Todos tomaron esa afirmación como verdad y decidieron no hablar más del tema. Marcus, por su parte, estaba inquieto. Una curiosidad profunda lo corroía por conocer la historia detrás de esas lágrimas, aunque no estaba seguro de si debía preguntar.
Poco tiempo después, Ángela y Fernanda regresaron. Fernanda se había lavado la cara, eliminando cualquier rastro de sangre. Su playera, sin embargo, estaba húmeda y mostraba manchas de un color café oscuro donde antes habían caído las gotas rojas.
Cuando Cecil terminó de comer, se levantó. Gabriel, al verla, devoró el último bocado de su taco y la siguió. Martín, sin decir nada, se puso de pie y partió con su plato, no sin antes agarrar unos trozos más de bistec y tortillas. Ángela anunció que iría a la cabaña a revisar si el colchón ya estaba ahí; de lo contrario, visitaría de nuevo la recepción. Alicia y Maya cuchicheaban y de vez en cuando reían con risitas frenéticas. Gloria y Sam, en cambio, conversaban en un tono más bajo y recatado.

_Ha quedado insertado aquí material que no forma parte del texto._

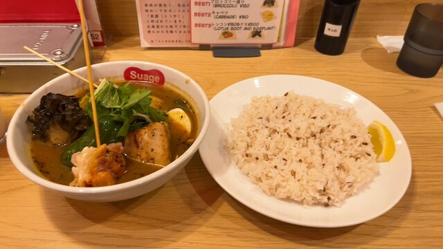 素揚げの野菜や、ブランド鶏、豚の角煮が乗っていて大満足でした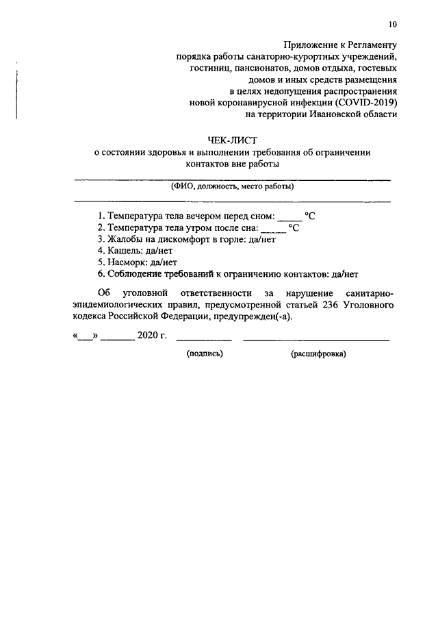 Постановление Правительства Ивановской области от 31.07.2020 N 349-п "О внесении изменений в постановление Правительства Ивановской области от 08.05.2020 N 209-п "Об утверждении регламентов по проведению профилактических мероприятий и дезинфекции в целях недопущения распространения новой коронавирусной инфекции (COVID-2019) на территории Ивановской области" (вместе с "Регламентом порядка работы санаторно-курортных учреждений, гостиниц, пансионатов, домов отдыха, гостевых домов и иных средств размещения в целях недопущения распространения новой коронавирусной инфекции (COVID-2019) на территории Ивановской области")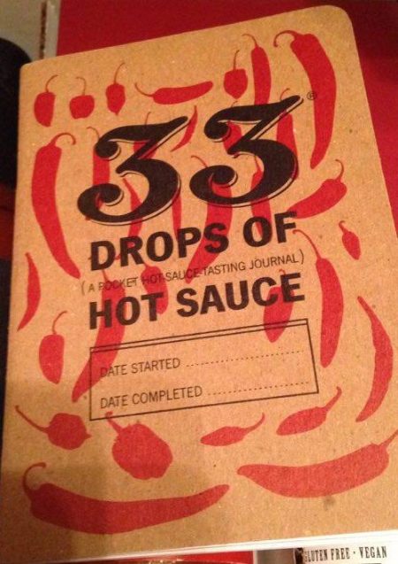 Resting on top of the bottles of hot sauce were a card that contained info about the sauces in the box, and a 33 Drops Of Hot Sauce Pocket Hot Sauce tasting journal. A copy of this journal is included in the first Fuego Box a subscriber receives. Inside, each page has a space for you to write the name and notes for every hot sauce you try, as well as a little square to put a drop of the described hot sauce in. Also, cool little note, each of these journals is made from recycled paper, and the ink contains a little hot sauce.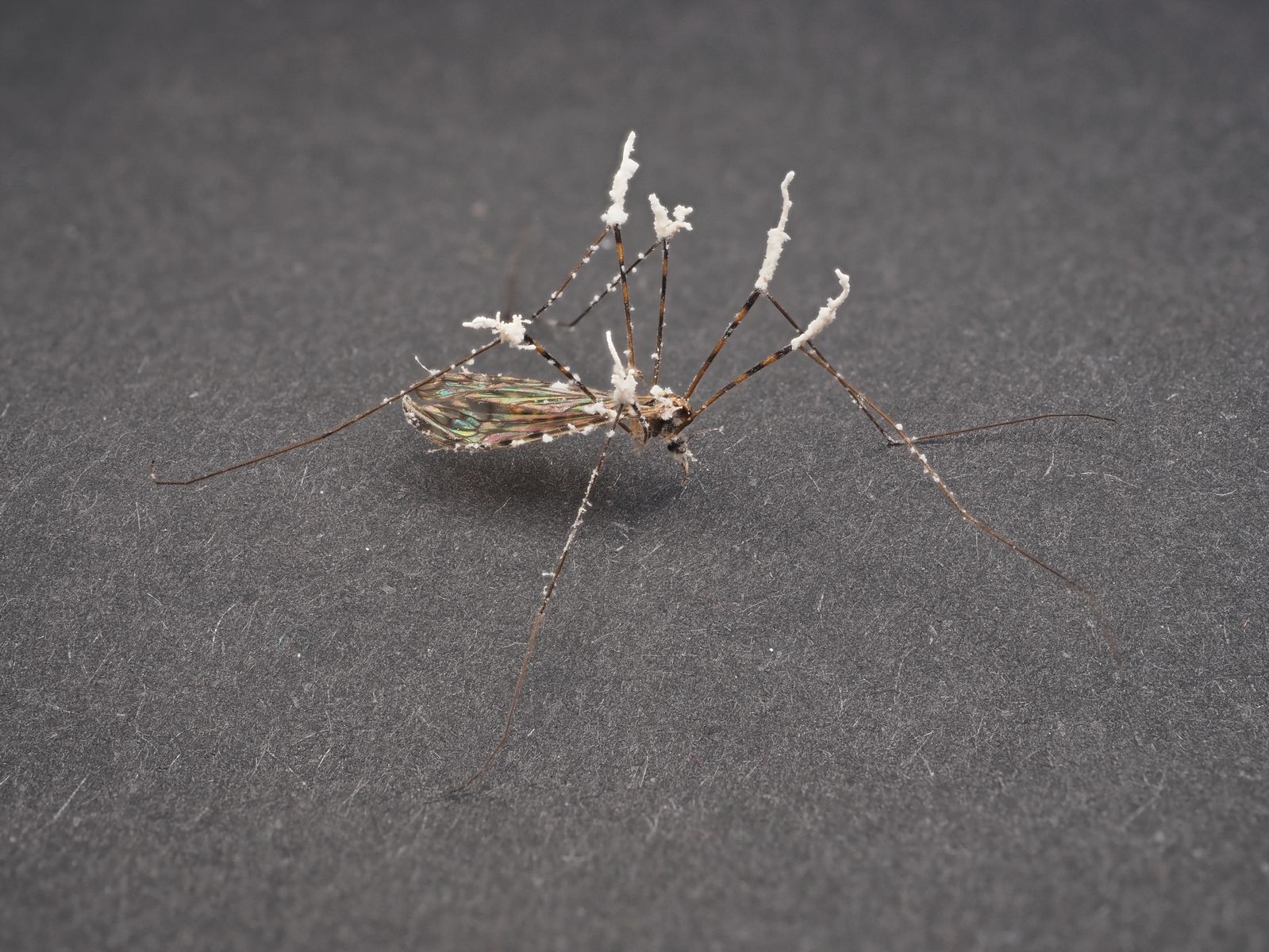 am letzten Wochenende fand ich auf einem Familienausflug zu einer kleinen öffentlich zugänglichen Höhle im fränkischen Jura große Mengen Schnaken an den Wänden. Ob sie dort überwintern oder auf ihren Tod warten entzieht sich meiner Kenntnis. Jedenfalls fiel mir auf, dass viele Schnaken an den Gelenken weisse Auswüchse trugen. Ich konnte nicht umhin eine Probe einzustecken. Eine Internetrecherche erbrachte keine sonderlich ähnlichen Gattungen. Spezielle Literatur besitze ich nicht bzw ist oft nicht öffentlich zugänglich.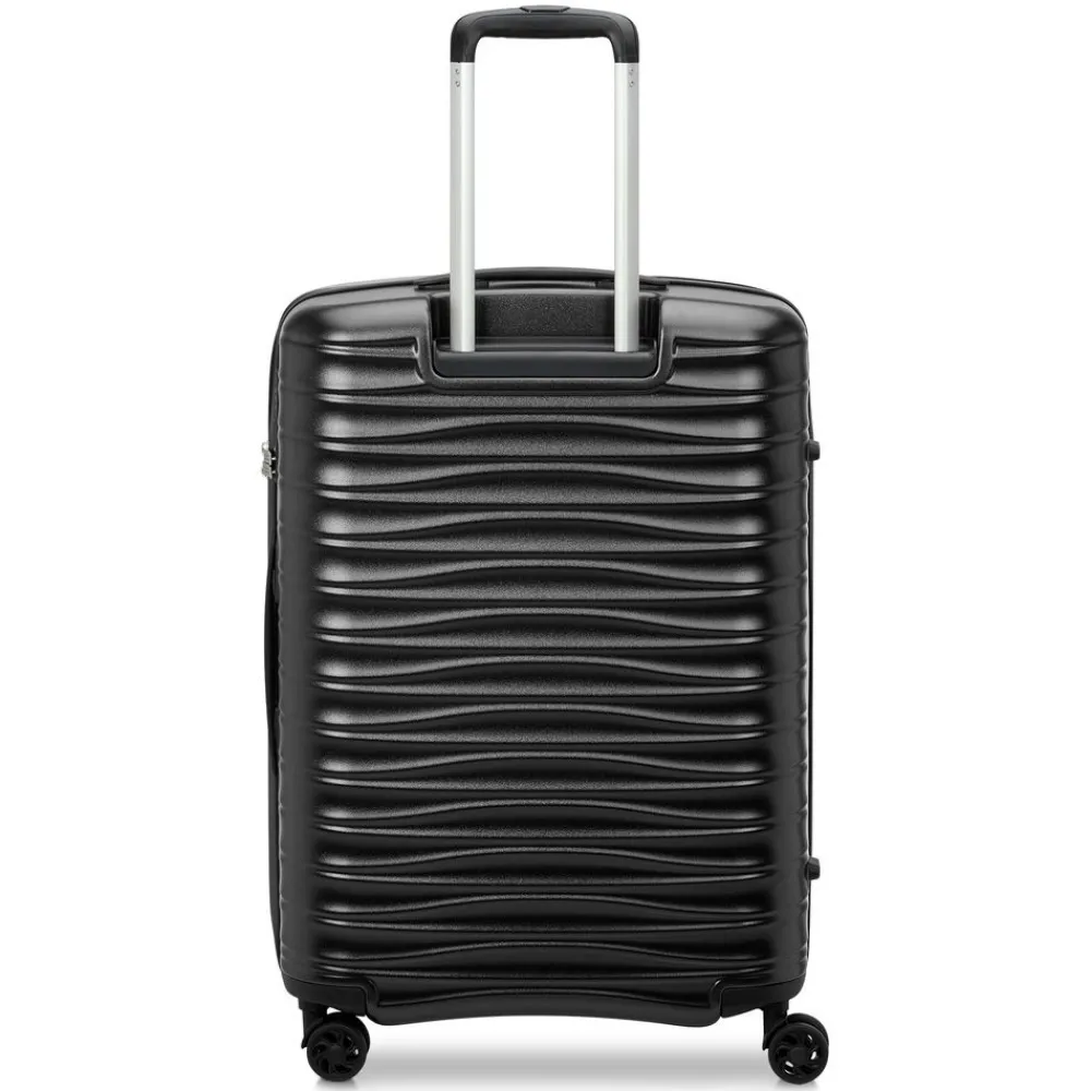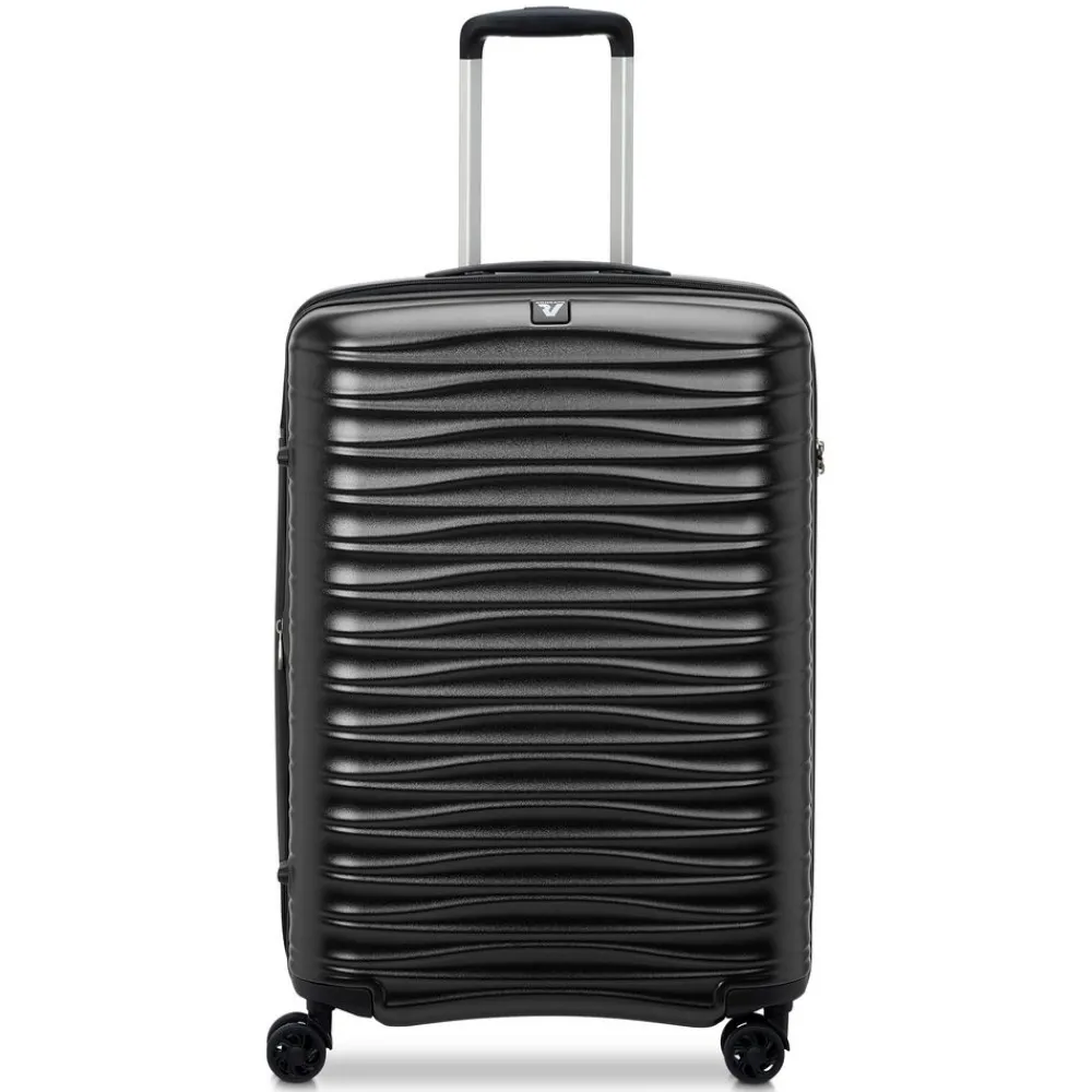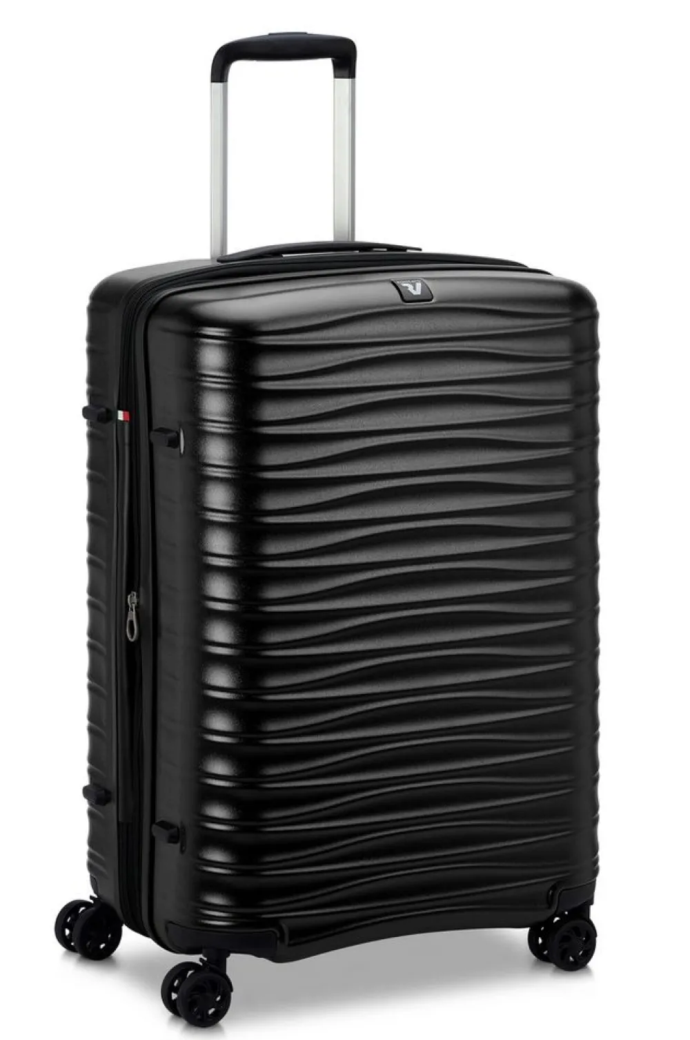Trolley Roncato Wave medio espandibile 9722. Trolley realizzato in robusto policarbonato/ABS, carrello telescopico con push botton, 4 ruote piroettanti doppie. Chiusura integrata con tripla combinazione TSA per gli Stati Uniti. Interno completamente foderato e organizzato. Zip di espansione. Garanzia 3 anni.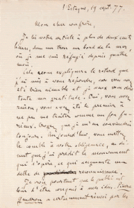 Emile ZOLA (1840-1902) - Lettre autographe signée à un cher confrère [M. de La Pommeraye]. L'Estaque, 19 sept(embre) (18)77. 1 p. et demi, in-8.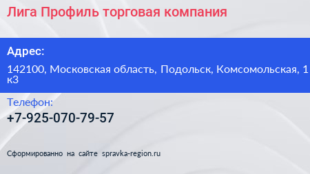 Лига Профиль, торговая компания по адресу 142100, Московская область, Подольск, Комсомольская, 1 к3 в дальнейшем Организация, размещена в следующих категориях: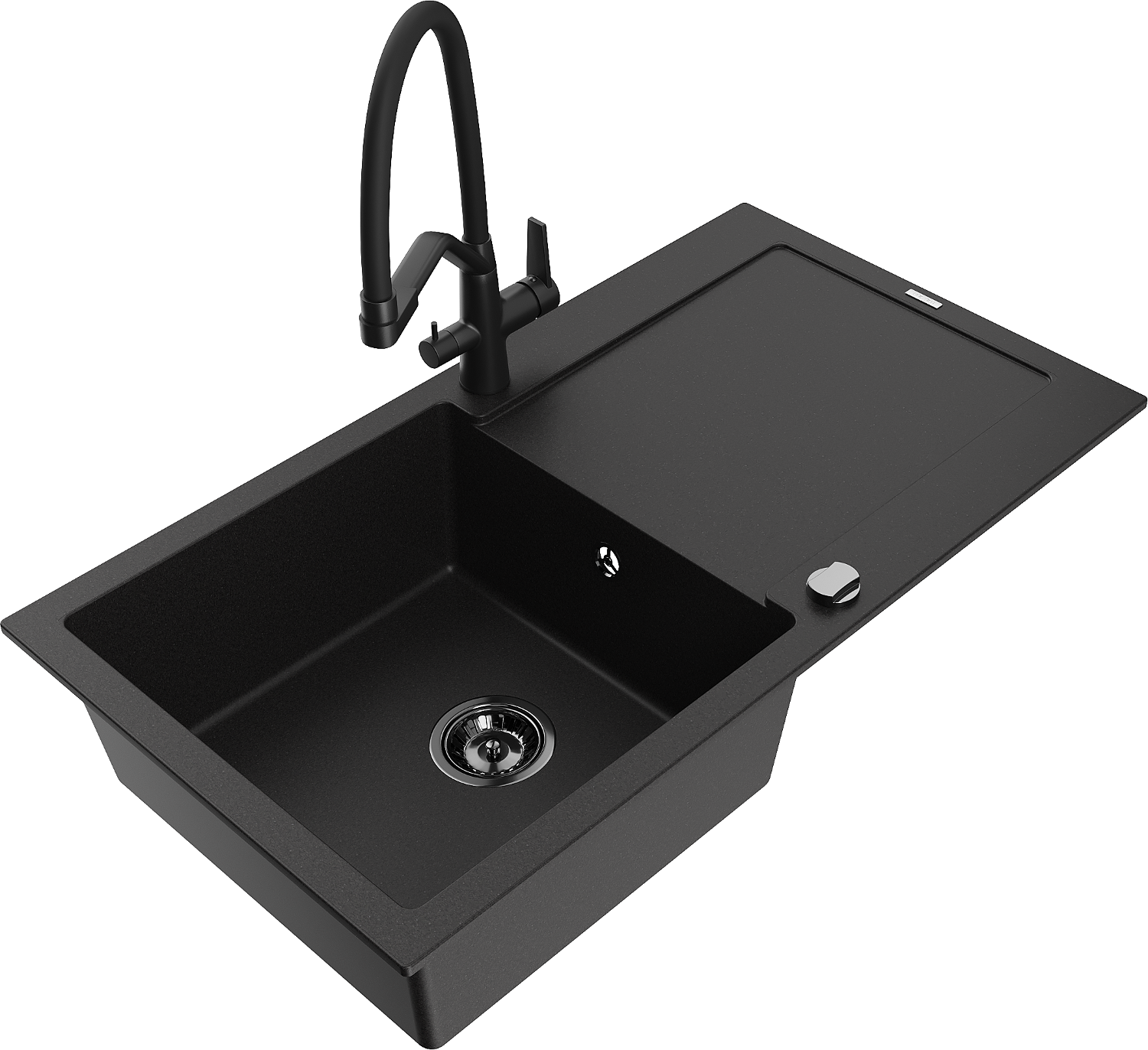 Chiuvetă de bucătărie granitică Mexen Leo cu 1 compartiment și picurător și baterie Duo, negru - 6501-77-671701-70-B
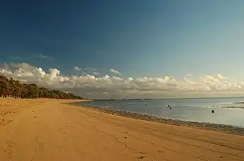 - π Pantai Geger (Geger Beach). This is the public beach in Nusa Dua. This splendid white sand beach at the western edge of the enclave retains lots of the character that is missing in the sanitised Nusa Dua resort zone. Generally safe for swimming and some beach side warungs. The restaurant, beachbeds and massage ladys all work for the local cooperative. By supporting them you support the locals. Geger has a cooling breeze as it is one of the few beaches facing east and because of the reef far out from the beach it has some of the warmest water temperatures in Bali. Head westwards out of the Nusa Dua enclave passing the golf course and then the St Regis Hotel (on your left). Shortly after the St Regis, take the first turning left towards to the beach and proceed to the Pantai Geger car park.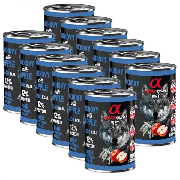 Alpha Spirit Dog Wet - Anșoa și măr roșu 12 x 400 g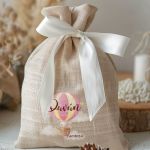 Μπομπονιέρες Βάπτισης με Πουγκί από Καμβά σε Εκρού Χρώμα με σχέδιο Ροζ Αερόστατο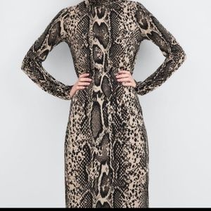 Zara Snakeskin Longsleeve Turtleneck Dress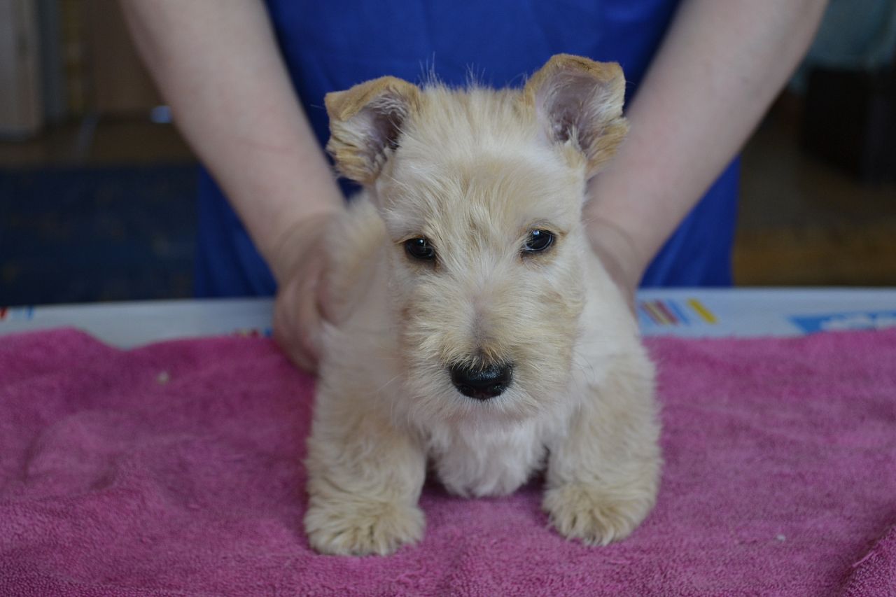 Племенной питомник "из Черной Дружины" предлагает щенков скотч терьера рожд. 27.01.14. Три суки(2-пшеничного окраса, 1-тигрового окраса) и кобель тигрового окраса. Родословная, клеймо. щенки кс хорошим костяком, широкие, глубокие.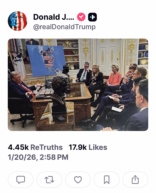 방송은 "트럼프 대통령의 이번 발언은 그가 과거에 했던 캐나다의 51번째 주 합병 발언을 떠올리게 하는, 캐나다와 그린란드 위에 성조기를 씌운 이미지를 소셜 미디어에 게시한 지 하루 만에 나온 것"이라고 짚었다. 실제 트럼프 대통령은 사회관계망서비스(SNS)인 '트루스소셜'의 본인 계정에 이같은 이미지를 게재하기도 했다.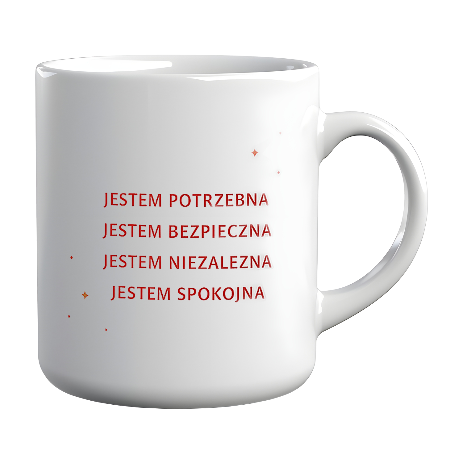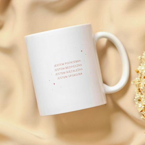 Kubek „Jestem Potrzebna” – biały ceramiczny kubek 330 ml z afirmacjami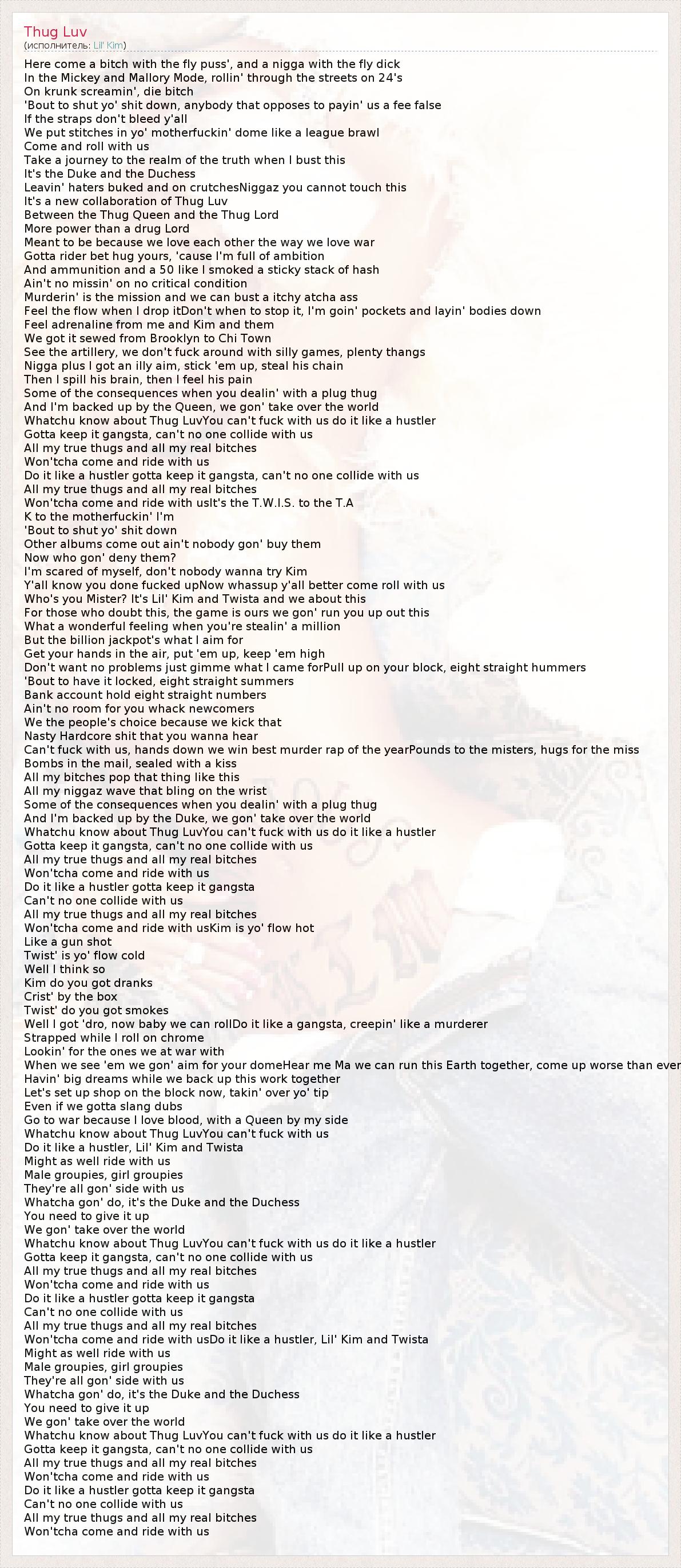 А как ты думаешь, о чем песня "Thug Luv" ?

De pronto, Maya abandonó la conversación con su amiga y se acercó a Marcus, que daba sorbo tras sorbo a su refresco.
—Oye, Marcus —le habló, con un tono un tanto apenado—. Me preguntaba, más bien, nos preguntábamos Alicia y yo, si... bueno, si no tienes nada que hacer, si podrías acompañarnos, a la entrada del lado oriente del lago. Iremos en una expedición por el bosque; resulta que hay una exposición que da más detalles sobre los pozos.
Marcus no contestó de inmediato. Giró la cabeza para mirar a Fernanda, que luchaba a mordiscos contra un bistec que se resistía a ser mascado, y pensó una respuesta.
—¿Puede ir Fernanda con nosotros? —tanteó.
El semblante de Maya pasó de la feliz expectación a un ceño fruncido. Torció los labios con desagrado al volver la vista hacia Fernanda.
—¿Por qué? —cuestionó, ya enfadada.
—No puedo alejarme de ella —respondió el muchacho, contándole a medias la precaria situación en la que se encontraba Fernanda y lo probable que era que volviera a ser atacada—. Ángela me mataría.
Maya pensó un momento y, a regañadientes, aceptó.
—Entonces sí vamos a ir —dijo entusiasmada Alicia, que se había acercado a los muchachos.
—Claro. Déjenme, voy por Fernanda —contestó Marcus, confundiendo a Alicia.
El fortachón se acercó a la pálida chica.
—¡Fernanda, vamos! —ordenó, con un tono autoritario que no admitía réplica. Luego, girándose hacia Sam y Gloria—: Chicas, vamos a acompañar a Alicia y a Maya al lado este del lago. ¿Les encargo el campamento mientras no estamos? Espero no tardarnos.
Sam asintió y Gloria levantó el pulgar en señal de aprobación. Fernanda, sin entender del todo lo que ocurría, se levantó, se limpió la boca con una servilleta y siguió a Marcus, que ya alcanzaba a Alicia y a Maya.